* _TASK INSTRUCTIONS_: Each line below must be transcribed exactly, and no picture may appear in the transcription.

*** SOURCE MATERIAL ***

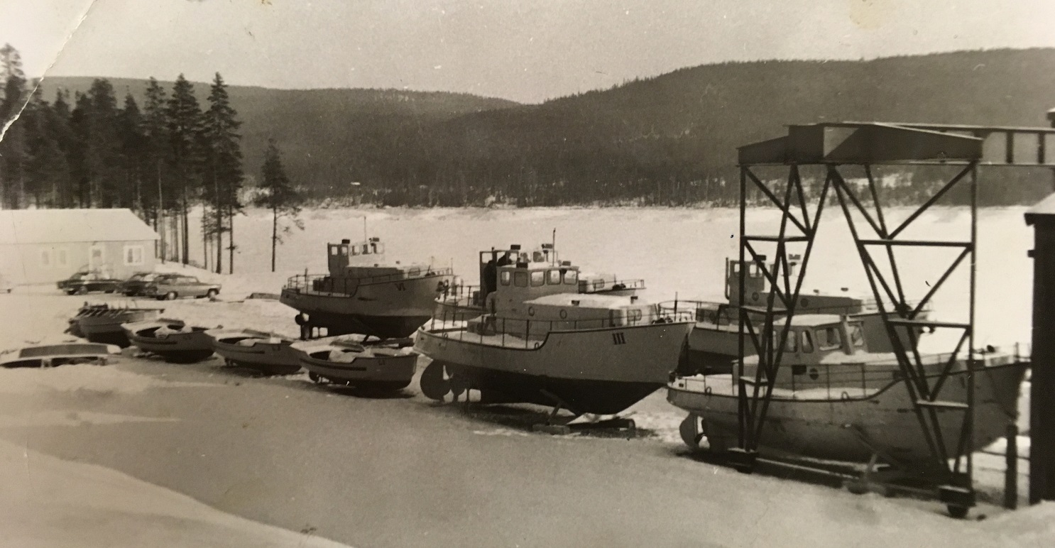 Trängslet III vid den depå som skapades för flottningsbåtarna vid dammen. Foto Bernt Fogelberg 1966 08 31 i Lidwalls sidans samling.
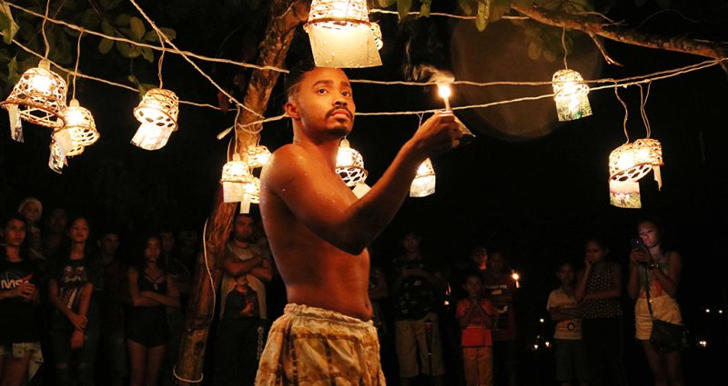 Existe um convite coletivo: não se esquecer de si. Todos nós percorremos uma jornada neste mundo. Acredito que a família, a casa, o berço, o lugar onde nosso umbigo está enterrado são pontos de partida e, ao mesmo tempo, bússolas possíveis para nossas jornadas. Assim, o íntimo se relaciona com o coletivo no desejo e na partilha daquilo que nos é familiar: todos estamos em uma jornada e precisamos de um rito de cura para continuá-la. Quando convido o público a experienciar essa relação, também o convido a mover forças que espiralam a vida: convocando o passado a abraçar o aqui e agora, integrando-se a isso e recriando a realidade em fluxos de desejos pelo que está por vir. Como um rito de esperançar coletivo. Gestos como cortar maniva, colher e descascar mandioca, torrar e peneirar farinha, tomar banho de igarapé, assobiar para chamar o vento, acender lamparinas e comer farinha com a mão – que compõem o trabalho coreográfico – estão impregnados de sentidos e memórias. Não apenas para mim, mas para quem vem dos interiores da Amazônia. Quando esses gestos são convocados no rito artístico, criam-se portais relacionais de memórias pessoais e coletivas.
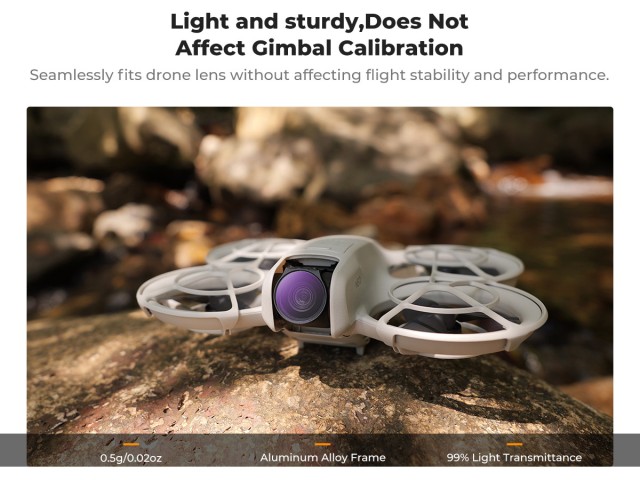 Svaki filtar izrađen je od višeslojnog HD optičkog stakla koje vraća pravu boju, odbija vodu, otporno je na ogrebotine i lako se čisti. Iznimno lagani okvir od aluminijske legure osigurava sigurno pristajanje bez dodavanja dodatne težine, održavajući filtre stabilnima čak i pri brzim manevrima. Kompaktna torbica za pohranu i krpa za čišćenje uključeni su za praktično pohranjivanje i održavanje, što ovaj komplet čini izvrsnim dodatkom za profesionalne i hobističke fotografe dronovima.

*** End of SOURCE MATERIAL ***

* _PROBLEM SOLUTION_:
 Trängslet III vid den depå som skapades för flottningsbåtarna vid dammen. Foto Bernt Fogelberg 1966 08 31 i Lidwalls sidans samling.
 Existe um convite coletivo: não se esquecer de si. Todos nós percorremos uma jornada neste mundo. Acredito que a família, a casa, o berço, o lugar onde nosso umbigo está enterrado são pontos de partida e, ao mesmo tempo, bússolas possíveis para nossas jornadas. Assim, o íntimo se relaciona com o coletivo no desejo e na partilha daquilo que nos é familiar: todos estamos em uma jornada e precisamos de um rito de cura para continuá-la. Quando convido o público a experienciar essa relação, também o convido a mover forças que espiralam a vida: convocando o passado a abraçar o aqui e agora, integrando-se a isso e recriando a realidade em fluxos de desejos pelo que está por vir. Como um rito de esperançar coletivo. Gestos como cortar maniva, colher e descascar mandioca, torrar e peneirar farinha, tomar banho de igarapé, assobiar para chamar o vento, acender lamparinas e comer farinha com a mão – que compõem o trabalho coreográfico – estão impregnados de sentidos e memórias. Não apenas para mim, mas para quem vem dos interiores da Amazônia. Quando esses gestos são convocados no rito artístico, criam-se portais relacionais de memórias pessoais e coletivas.
 Svaki filtar izrađen je od višeslojnog HD optičkog stakla koje vraća pravu boju, odbija vodu, otporno je na ogrebotine i lako se čisti. Iznimno lagani okvir od aluminijske legure osigurava sigurno pristajanje bez dodavanja dodatne težine, održavajući filtre stabilnima čak i pri brzim manevrima. Kompaktna torbica za pohranu i krpa za čišćenje uključeni su za praktično pohranjivanje i održavanje, što ovaj komplet čini izvrsnim dodatkom za profesionalne i hobističke fotografe dronovima.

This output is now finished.